So that begs the question: where did those protons, neutrons and electrons come from in the first place? The stuff that we atoms are made of is made of those fundamental building blocks, where did they come from? And the answer is that they came directly from the Big Bang. The next time you get up in the morning. Young students won't understand this, but those of us my age will. When you get out of bed and you're sitting there and you're feeling a little old and creaky that day, no matter how old you are, remember that the protons, neutrons, and electrons that make up your atoms are many. older than you.
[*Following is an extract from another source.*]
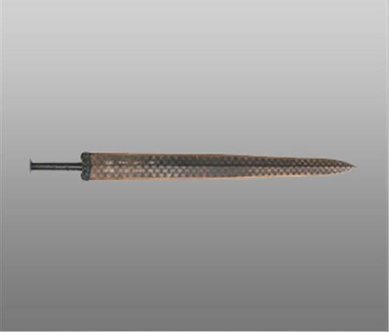 越王勾踐劍天下聞名。劍身中脊起棱,飾黑色菱形花紋。劍格正面嵌藍(lán)色琉璃,背面綠松石。歷經(jīng)兩千余年,紋飾仍然清晰精美、劍身鋒利無(wú)比。

In fact, they date back to the Big Bang. And, in fact, they are 13.7 billion years old. That number, the age of the universe, was determined about 10 years ago by a NASA satellite called the Wilkinson Microwave Anisotropy Probe. We'll see a photo here in a minute. And it is one of the most contested numbers in astronomy. We fought for 100 years to discover the exact age of the universe and now we know it. It is 13.7 billion years old. And the protons, neutrons and electrons in your body were formed in the Big Bang. Now, the Big Bang is not just a hypothetical idea that astronomers have come up with.

Today the Big Bang can be tested directly in laboratories. In fact... This is a simulation of a collision at the gigantic particle accelerator at CERN, in Switzerland, on the border between France and Switzerland. They take protons and smash them at high speed because when those two protons meet head-on, the pressures, temperatures and densities in that collision are the same as they were a small fraction of a second after the Big Bang. Here on Earth we can recreate the conditions of the Big Bang when we collide atoms like this in our atom colliders. In fact, that's one of the main reasons we do it: to create these kinds of conditions that we don't normally experience around us.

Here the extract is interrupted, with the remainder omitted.